Prevention of tank corrosion (cathodic protection of underground storage tanks)
An outer cover as well as a cathodic protection system are used to protect the underground tanks from corrosion. A suitable outer cover can protect more than 99% of the tank surface. But since there is no complete cover, in addition to the outer cover, a cathodic protection system must be used to protect the tank from corrosion. The cathodic protection system converts the tank into a cathode by applying an external current and protects it from corrosion. In cases where the amount of current required to protect the structure is small, sacrificial anodes are used. For large structures such as large diameter pipelines, an impressed current system is used.
Magnesium sacrificial anode for cathodic protection of underground storage tanks
Magnesium sacrificial anode is the most common sacrificial anode used in cathodic protection of underground tanks. Magnesium anode can protect underground tanks in any soil.

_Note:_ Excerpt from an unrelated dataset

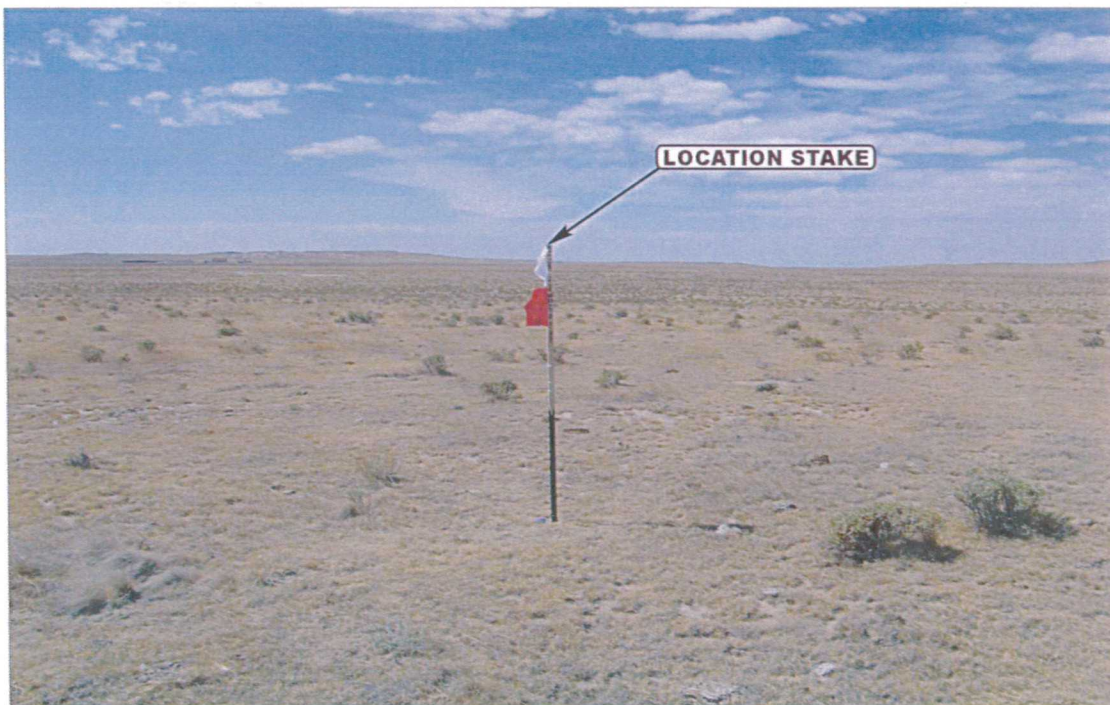
PHOTO: VIEW OF LOCATION STAKE

To reduce the electrical resistance of the anode to soil, a magnesium anode is usually used inside a linen bag with backfill material that is a combination of gypsum plaster, bentonite and sodium sulfate. Magnesium anode is produced in two types of standard and high potential. High potential magnesium anode is used in soils with a resistance of about 10,000 ohm-cm. Based on the dimensions of the tank and the soil resistance in which the tank is located, the number and dimensions of the required anodes are determined. The two most common sizes of magnesium anodes to protect underground reservoirs are 17-pound and 32-pound anodes. The anodes are installed at a suitable distance and depth from the tank. The anode wire is connected to the top of the tank with a low-resistance electrical connection. All connections are covered with waterproofing.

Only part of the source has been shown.